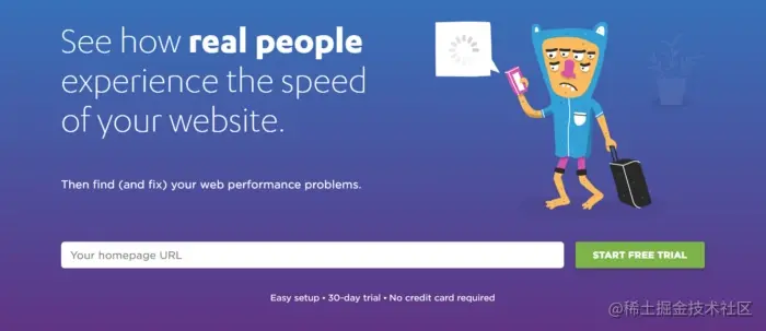 - 使用真实的浏览器测试Web站点,模拟真实的用户进行请求连接,收集以用户为中心的重要指标,如:响应速度指标、第一视觉呈现
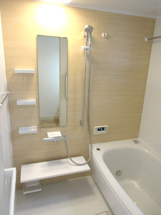 新しいユニットバスは、高級感が漂います。浴室が縦5cm、横10cm広くなりました。
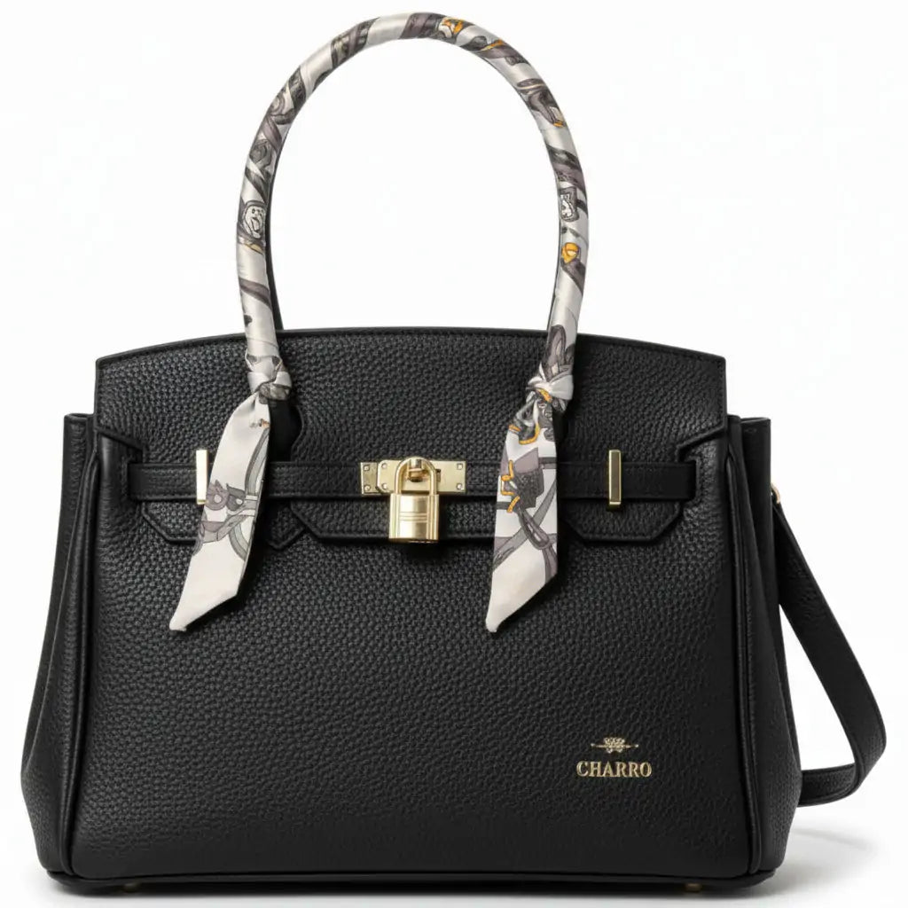 CHARRO - Borsa firmata a spalla Mano con Foulard e Lucchetto simil pelle martellata

····················

== How to complete this task ==
Every line from the one containing "新しいユニットバスは、高級感" to the last line of the material must be returned exactly. Leave out any pictures.

== Output of the task ==
 新しいユニットバスは、高級感が漂います。浴室が縦5cm、横10cm広くなりました。
 CHARRO - Borsa firmata a spalla Mano con Foulard e Lucchetto simil pelle martellata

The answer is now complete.